*Collected data entries*
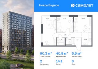 Строим кварталы для жизни с заботой о будущем. Предлагается 2-комнатная квартира комфорт-класса 60,29 кв.м в корпусе 14.1 на 6 этаже, в ЖК "Новое Видное"
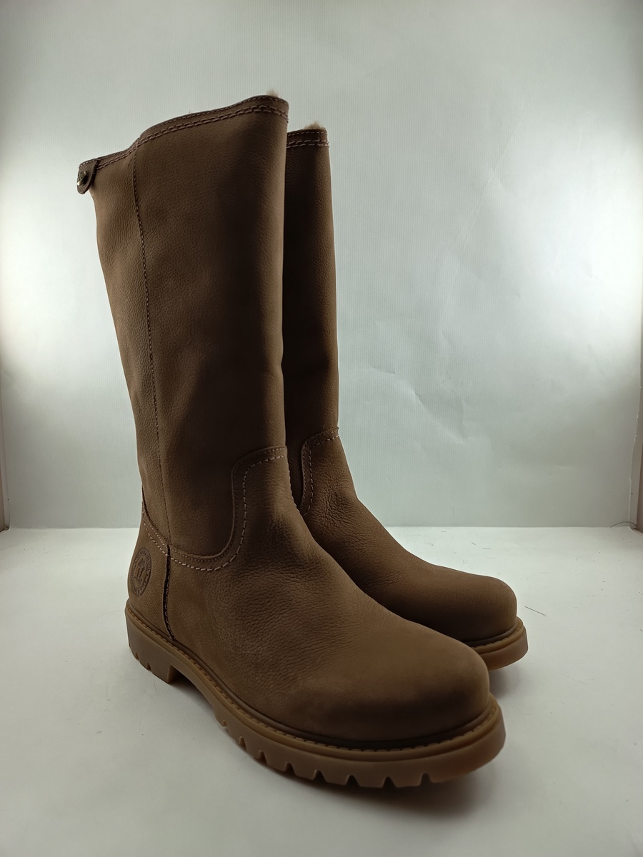 Bota de nobuck camel sin cierres y suela de goma, forro y plantilla peludo.
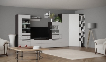 Оригинальные дизайнерские решения, модная контрастная расцветка и функциональность не оставят равнодушными любителей современных интерьеров с элементами классики. Шкафы – витрины этой яркой модели имеют угловые стеклянные вставки и оборудованы подсветкой, фасады ящиков рельефно декорированы. Для предметов декора и книг особенно удобны навесные полки и полка – стеллаж с множеством отделений. Благодаря угловой конструкции, стенка Виспа К5 BMS оптимально впишется в пространство гостиной.
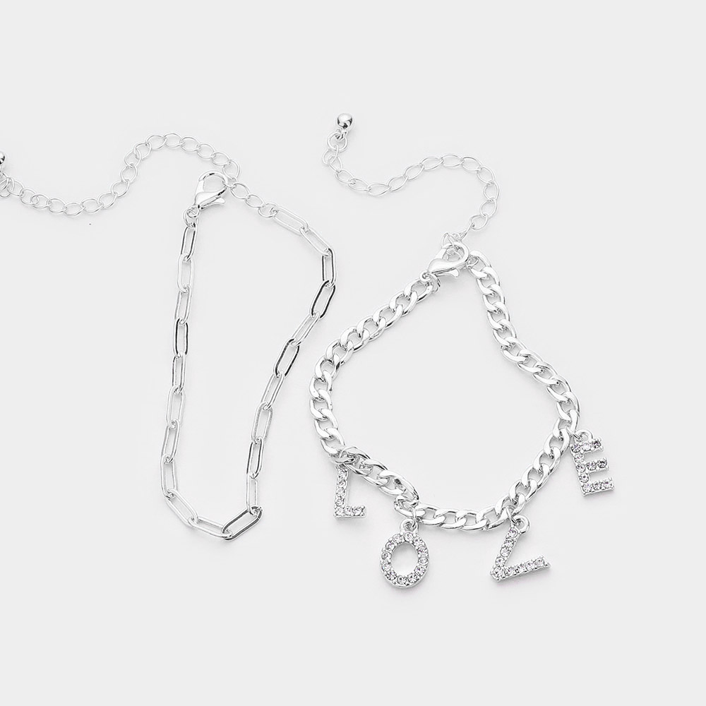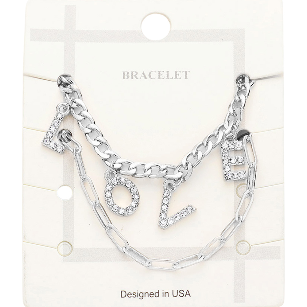 2PCS - LOVE Rhinestone Embellished Metal Chain Bracelets
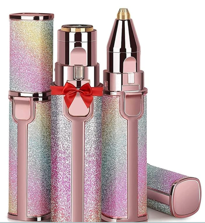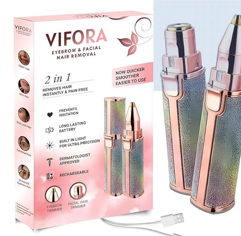 Say goodbye to unwanted facial hair with this 2-in-1 Portable Eyebrow Trimmer and Facial Epilator.
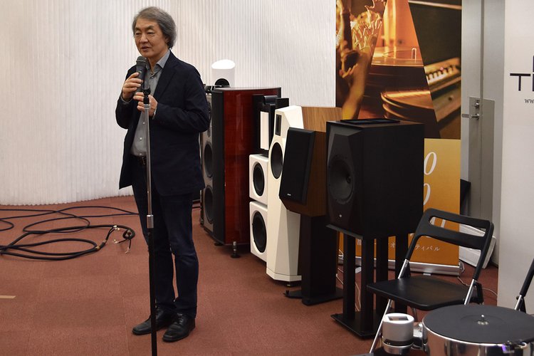 会場前方にオーディオシステムが組まれ、参加メーカーの主力ブランドの製品がその周りを囲む形。イベントの進行自体は初日の土曜日は山之内 正氏、日曜日は傅 信幸氏のオーディオ評論家が進行を担当し、午前中と午後の2回に分けて、約2時間ずつの講演を実施。各回ごとに再生システムとアンプは固定し、各社の主力スピーカーの比較試聴を両氏の思い入れのある音源の紹介とともに行っていき、終日席を離れずに聴き入っている来場者も多く見られた。
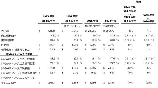 - 通年1株当たり利益:GAAPベースで過去最高の8.66ドル(前年度比1%増)、非GAAPベースで過去最高の9.42ドル(前年度比9%増)
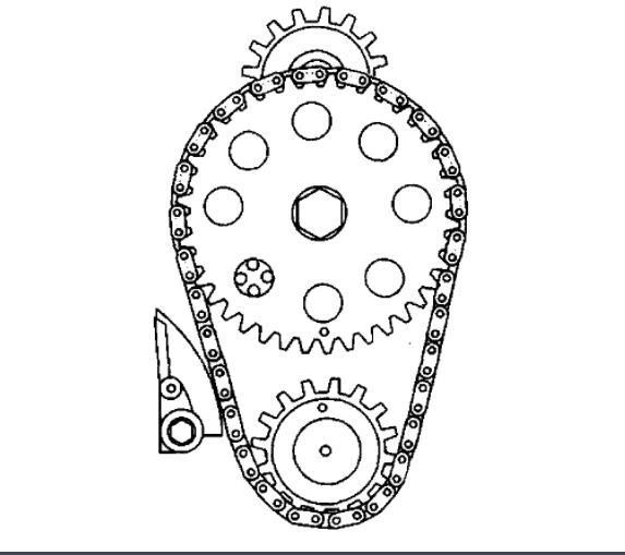 12. Inspect the timing chain for overall in and out movement. Movement should not exceed 25 mm (1 inch).
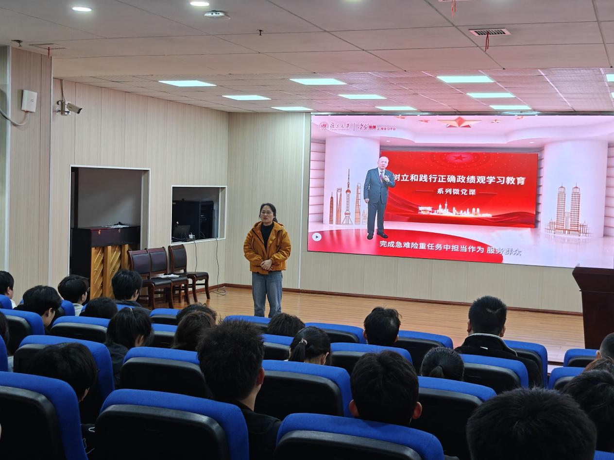 会议伊始,全体与会人员集中观看了由复旦大学党委党校出品的【复旦微党课】系列之《树立和践行正确政绩观:深刻领悟在全党开展树立和践行正确政绩观学习教育的重大意义》。视频课程围绕正确政绩观的科学内涵、时代价值以及在全党开展相关学习教育的深远意义进行了系统阐释,通过生动的案例与理论剖析,帮助大家深刻认识到,树立和践行正确政绩观是落实以人民为中心的发展思想的必然要求,是推动事业高质量发展的重要保障,更是每一位党员在思想淬炼与行动自觉中必须坚守的根本遵循。
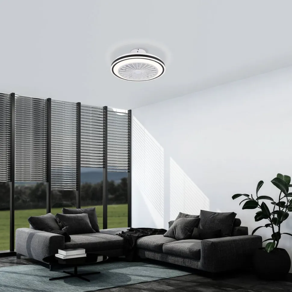 De plafondventilator Almeria combineert de functie van een ventilator en een flexibel instelbare lichtbron. In de ringvormige lamp met melkachtige afdekking zijn LED’s ingebouwd, waarvan de lichtkleur met de meegeleverde afstandsbediening kan worden gevarieerd (2.700 K – 6.500 K) en die ook dimbaar zijn. Ook de ventilator kan flexibel worden ingesteld met de afstandsbediening.
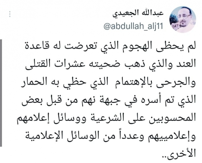 وكشف في تغريدة على حسابه بموقع التدوين المصغر تويتر، اليوم أنه: "لم يحظ الهجوم الذي تعرضت له قاعدة العند والذي ذهب ضحيته عشرات القتلى والجرحى بالاهتمام الذي حظي به الحمار الذي تم أسره في جبهة نهم من قبل بعض المحسوبين على الشرعية ووسائل إعلامهم وإعلامييهم وعدد من الوسائل الإعلامية الأخرى"

*Action item*
The answer is the lines above from the one with "Оригинальные дизайнерские решения, модная" to the one with "会议伊始,全体与会人员集中观", set down exactly, with no pictures.

*Result below*
 Оригинальные дизайнерские решения, модная контрастная расцветка и функциональность не оставят равнодушными любителей современных интерьеров с элементами классики. Шкафы – витрины этой яркой модели имеют угловые стеклянные вставки и оборудованы подсветкой, фасады ящиков рельефно декорированы. Для предметов декора и книг особенно удобны навесные полки и полка – стеллаж с множеством отделений. Благодаря угловой конструкции, стенка Виспа К5 BMS оптимально впишется в пространство гостиной.
 2PCS - LOVE Rhinestone Embellished Metal Chain Bracelets
 Say goodbye to unwanted facial hair with this 2-in-1 Portable Eyebrow Trimmer and Facial Epilator.
 会場前方にオーディオシステムが組まれ、参加メーカーの主力ブランドの製品がその周りを囲む形。イベントの進行自体は初日の土曜日は山之内 正氏、日曜日は傅 信幸氏のオーディオ評論家が進行を担当し、午前中と午後の2回に分けて、約2時間ずつの講演を実施。各回ごとに再生システムとアンプは固定し、各社の主力スピーカーの比較試聴を両氏の思い入れのある音源の紹介とともに行っていき、終日席を離れずに聴き入っている来場者も多く見られた。
 - 通年1株当たり利益:GAAPベースで過去最高の8.66ドル(前年度比1%増)、非GAAPベースで過去最高の9.42ドル(前年度比9%増)
 12. Inspect the timing chain for overall in and out movement. Movement should not exceed 25 mm (1 inch).
 会议伊始,全体与会人员集中观看了由复旦大学党委党校出品的【复旦微党课】系列之《树立和践行正确政绩观:深刻领悟在全党开展树立和践行正确政绩观学习教育的重大意义》。视频课程围绕正确政绩观的科学内涵、时代价值以及在全党开展相关学习教育的深远意义进行了系统阐释,通过生动的案例与理论剖析,帮助大家深刻认识到,树立和践行正确政绩观是落实以人民为中心的发展思想的必然要求,是推动事业高质量发展的重要保障,更是每一位党员在思想淬炼与行动自觉中必须坚守的根本遵循。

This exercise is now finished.